Não sei se entre tantas palavras, você ainda vai encontrar estas aqui. Também não sei que significado e peso tem isso tudo. Por que agradece ao tempo.

Sabe que eu agradeço também? Porque tempo afeta o lugar, a distância. Quanto mais longe no tempo, mais longe daquilo que se vê.

Eu gosto de você. Eu amo você meu irmão. Pode ser que essas palavras não façam mais sentido pra você --Nós já trocamos muitas.

Eu aprendi muito contigo. E você comigo.

Às vezes penso que você acha que eu *brinco* e movo as coisas de acordo com meus humores. Nem eu sei ao certo.
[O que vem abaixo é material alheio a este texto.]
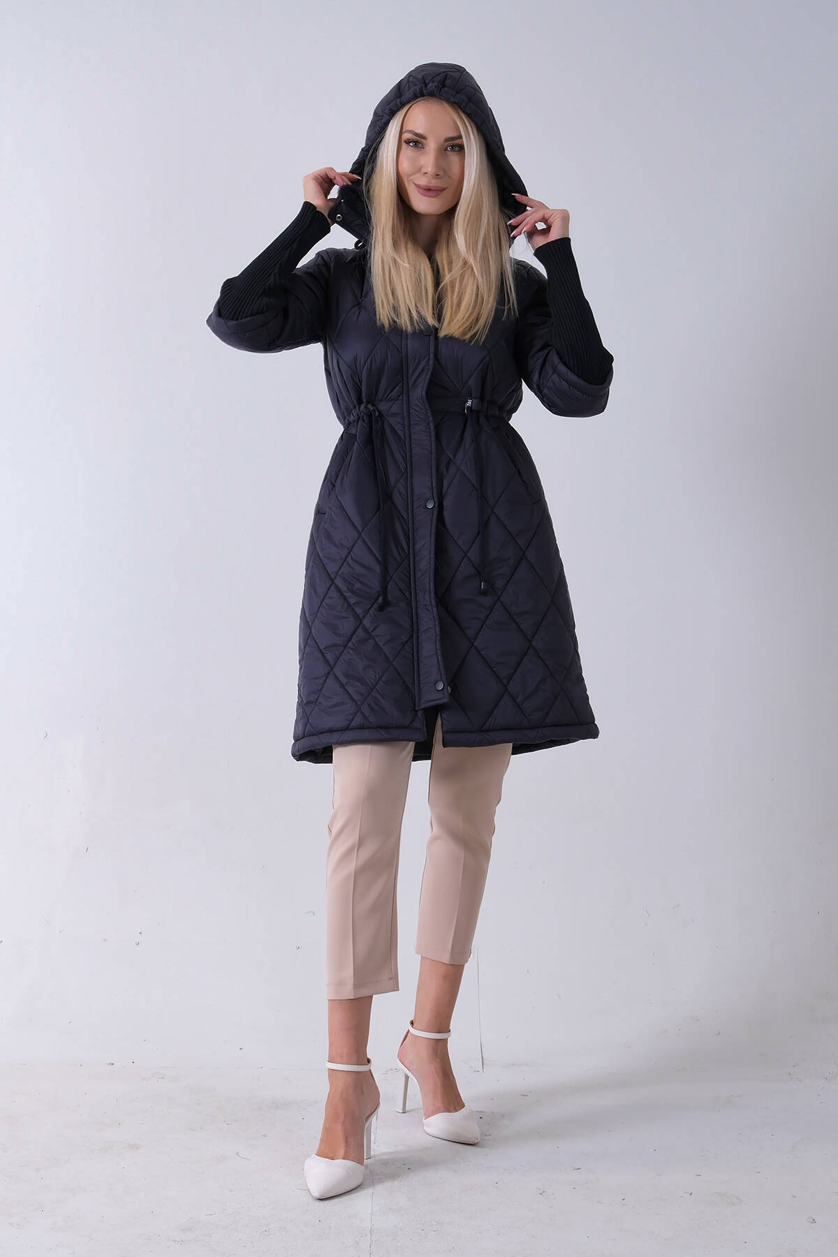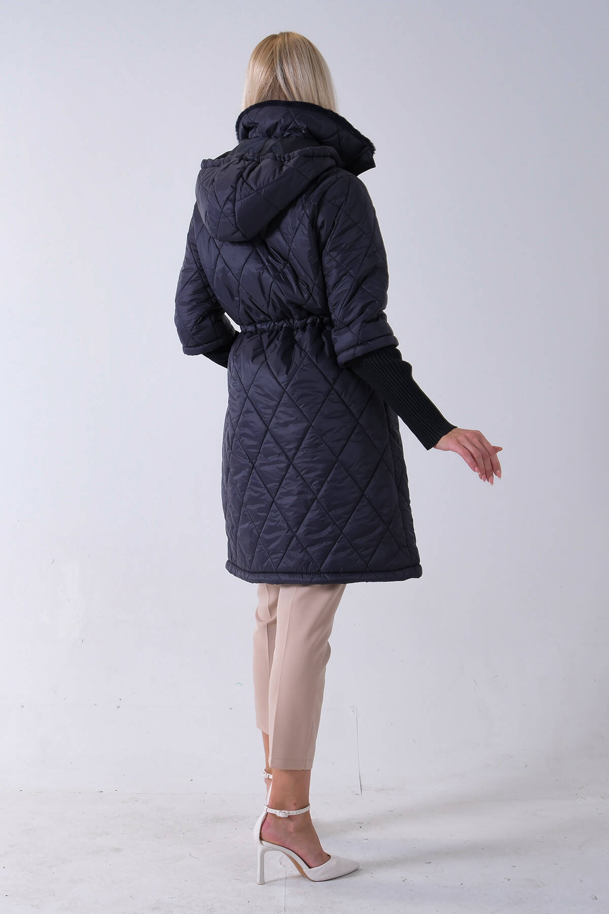 Taş Bileği Lastikli Kapüşonlu Baklava Desenli Şişme Mont 44520207.50

Ainda existem acusações? Da minha parte não. Por isso, vez por outra, passo por aqui. Pra saber como você está. E mesmo quando eu não quero, acabo sabendo!

Eu sinto falta.

Pode ser que não exista mais harmonia possível. Eu também levo essa possibilidade em consideração. Mas eu não acredito, sabe?

Porque o tempo passou e o que restou foi o mais pueril de tudo, o gostinho do café compartilhado.

Vamos ser sinceros? Eu serei pretensioso. Você escreveu na esperança que eu lesse.

E eu li.

(cansado de forçar indiferença)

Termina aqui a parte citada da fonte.